Begin your copy at the line with "ပုံစာ။ လားရှိုးမြို့၏ ယနေ့မြင်ကွင်းနှင့်" in the records below and end it at the line with "Sillón Chippendale, tapizado", restating each line word for word; omit the pictures.

Input material:
________
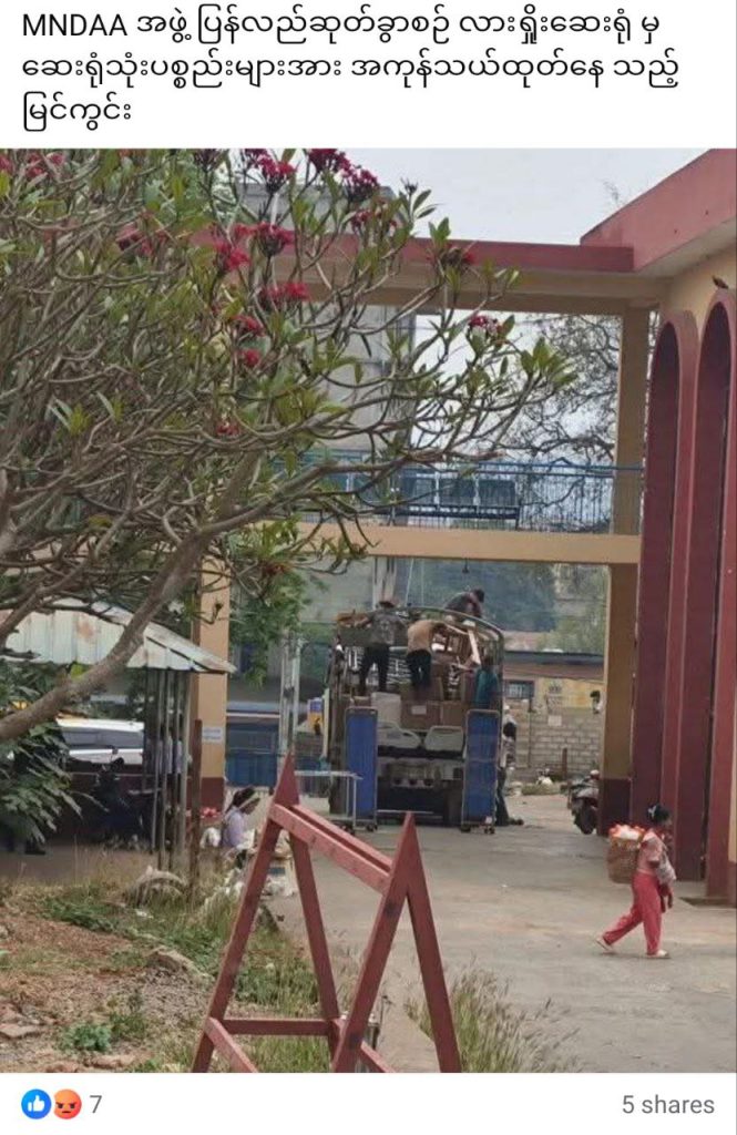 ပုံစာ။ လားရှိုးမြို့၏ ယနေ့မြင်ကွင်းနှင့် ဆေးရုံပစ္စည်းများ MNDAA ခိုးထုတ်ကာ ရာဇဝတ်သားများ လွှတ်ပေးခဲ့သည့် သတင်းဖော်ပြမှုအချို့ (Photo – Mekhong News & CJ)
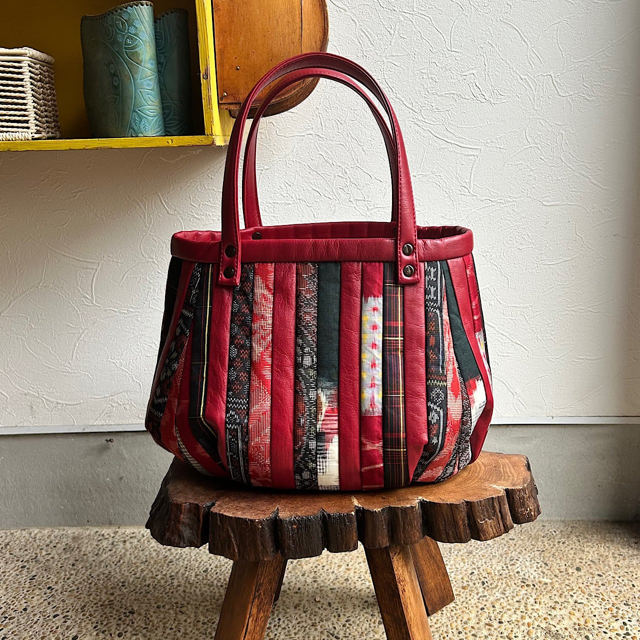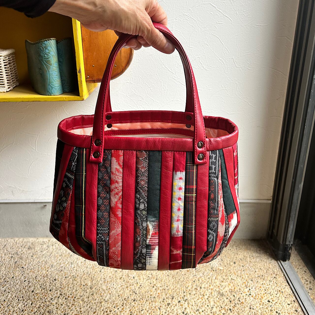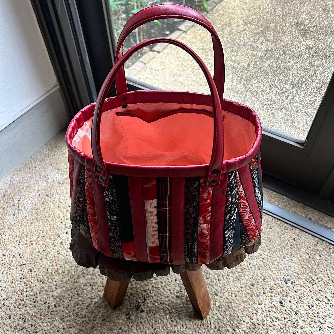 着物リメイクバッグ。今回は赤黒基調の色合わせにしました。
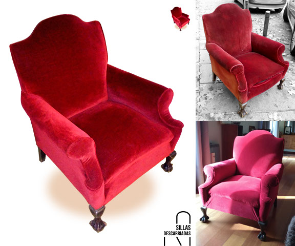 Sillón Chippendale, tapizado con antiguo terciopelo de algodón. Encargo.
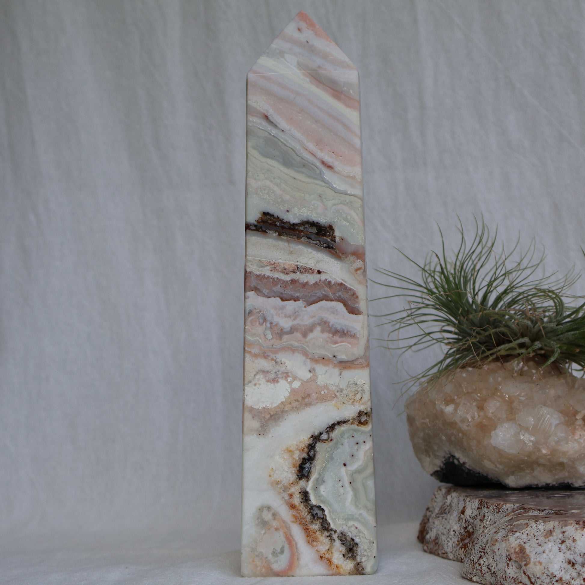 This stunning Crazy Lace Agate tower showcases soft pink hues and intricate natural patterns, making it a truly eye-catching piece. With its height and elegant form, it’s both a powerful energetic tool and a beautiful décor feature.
________
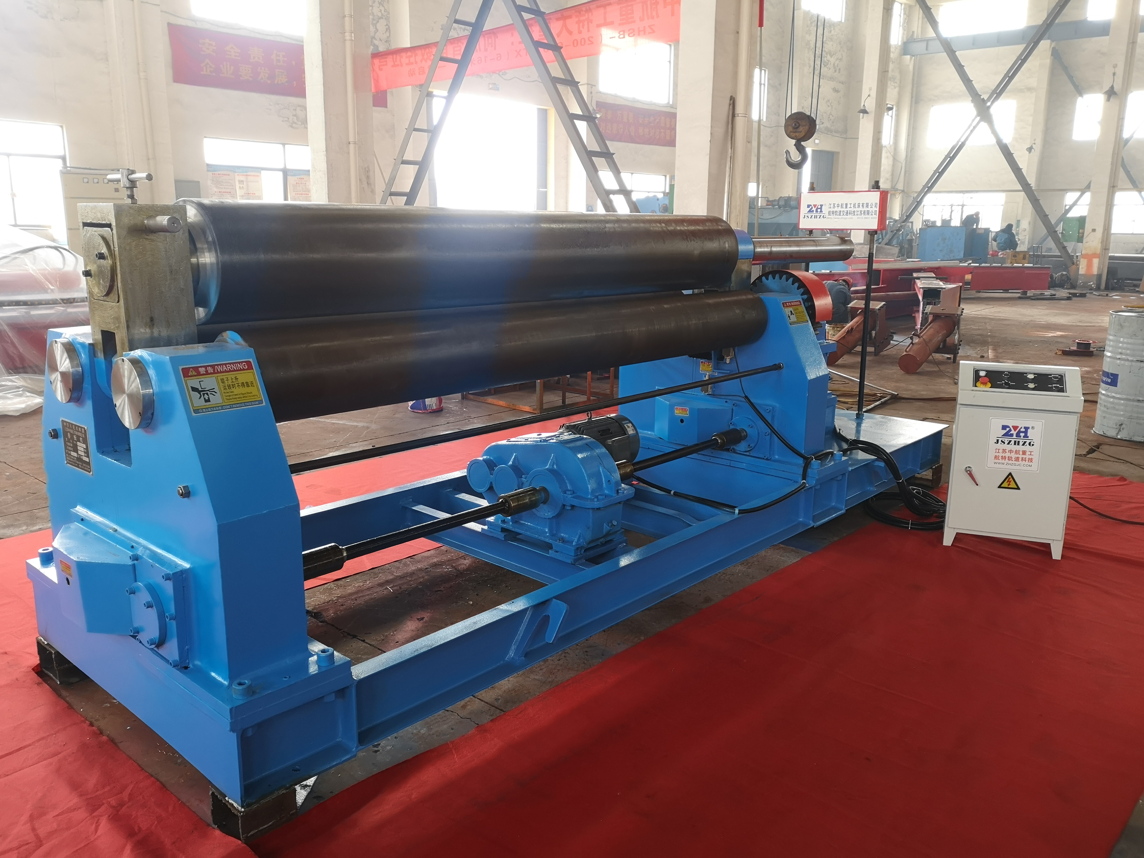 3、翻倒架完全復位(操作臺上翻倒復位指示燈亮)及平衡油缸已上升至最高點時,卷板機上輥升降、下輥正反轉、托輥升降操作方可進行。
________
Task response:
 ပုံစာ။ လားရှိုးမြို့၏ ယနေ့မြင်ကွင်းနှင့် ဆေးရုံပစ္စည်းများ MNDAA ခိုးထုတ်ကာ ရာဇဝတ်သားများ လွှတ်ပေးခဲ့သည့် သတင်းဖော်ပြမှုအချို့ (Photo – Mekhong News & CJ)
 着物リメイクバッグ。今回は赤黒基調の色合わせにしました。
 Sillón Chippendale, tapizado con antiguo terciopelo de algodón. Encargo.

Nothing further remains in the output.